▸ **Dataset extract**
- Opening Delimiter -

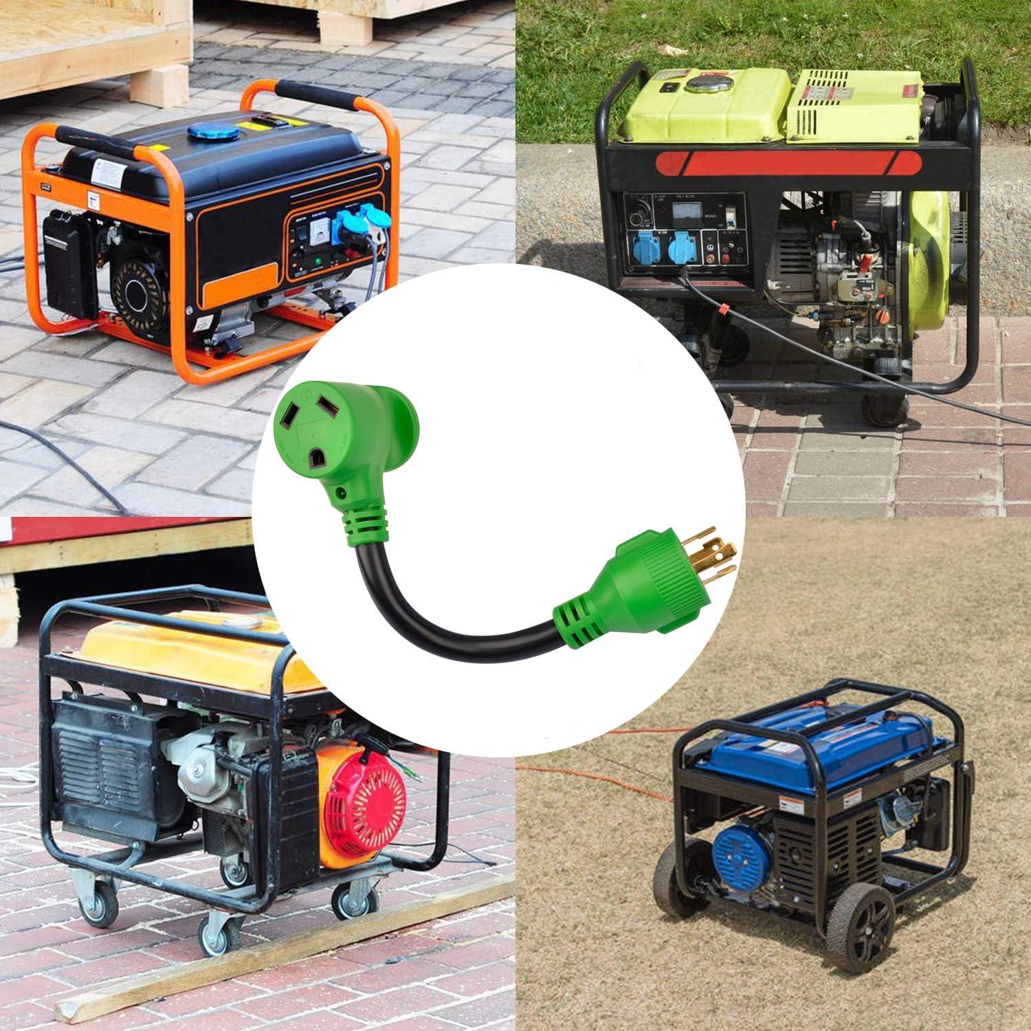 RVMATE 4 Prong 12 Inch 30 Amp to 30 Amp RV Generator Adapter Cord ETL Certified, STW 10/4, L14-30P Male Plug to TT-30R Female Connector with LED Indicator(3 PRONG 30A TO 50A)
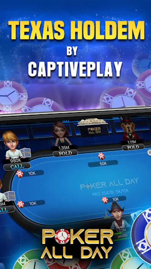 Don’t settle for the all-in poker fests in OTHER social poker games! Play the best online poker games and aim for the royal flush with PokerAllDay Poker, the best Vegas-style poker app that brings authentic Texas Hold’em poker to your hands.
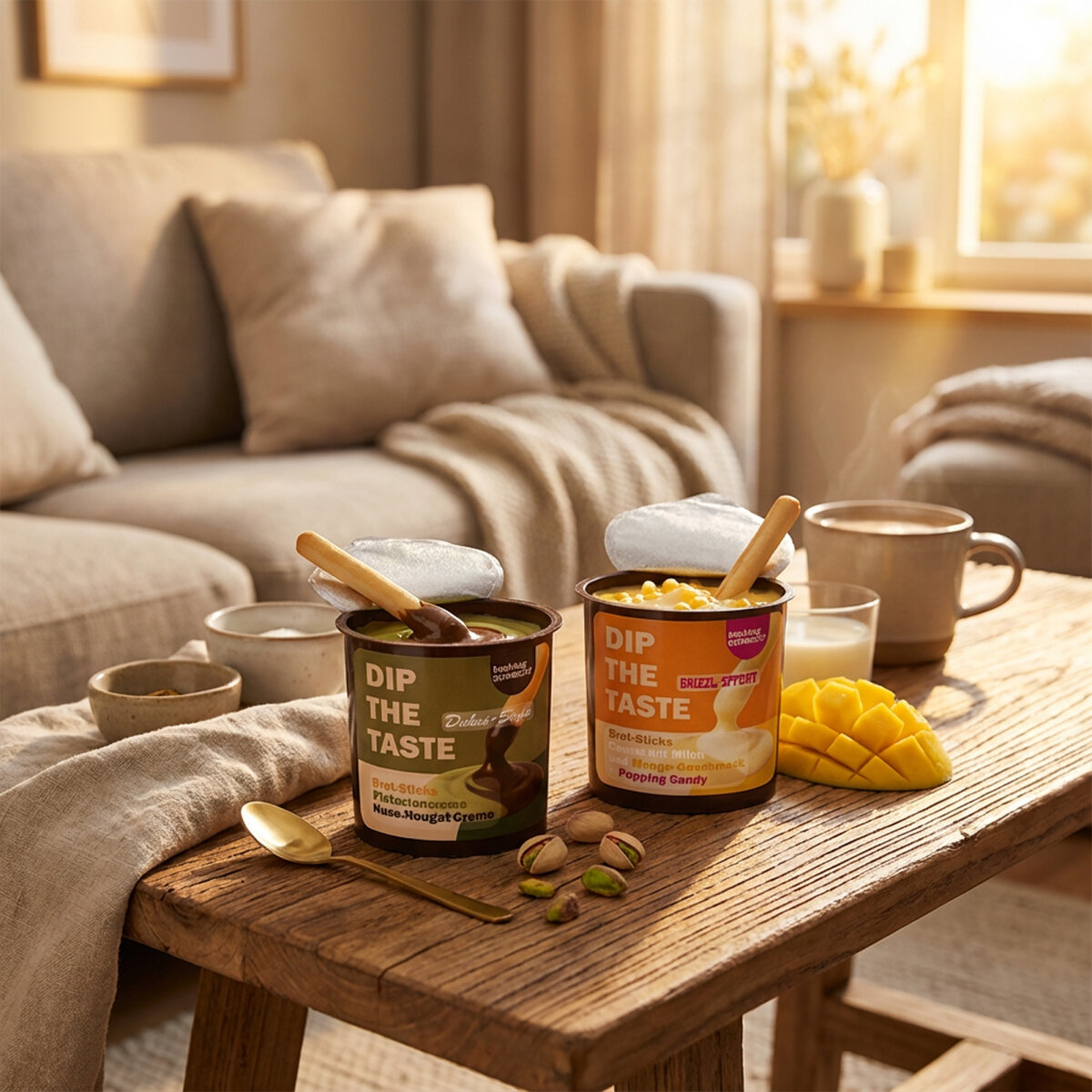 Erlebe den aufregenden Mango Brizzl-Effekt und Dubai Style mit unserem Hashtag Schmeckt Dip the Taste. Perfekter Snack-Genuss aus Deutschland!

- Closing Delimiter -

▸ **How to complete this task**
Your answer must be the full listing, reproduced word for word, without its pictures.

▸ **Written answer**
 RVMATE 4 Prong 12 Inch 30 Amp to 30 Amp RV Generator Adapter Cord ETL Certified, STW 10/4, L14-30P Male Plug to TT-30R Female Connector with LED Indicator(3 PRONG 30A TO 50A)
 Don’t settle for the all-in poker fests in OTHER social poker games! Play the best online poker games and aim for the royal flush with PokerAllDay Poker, the best Vegas-style poker app that brings authentic Texas Hold’em poker to your hands.
 Erlebe den aufregenden Mango Brizzl-Effekt und Dubai Style mit unserem Hashtag Schmeckt Dip the Taste. Perfekter Snack-Genuss aus Deutschland!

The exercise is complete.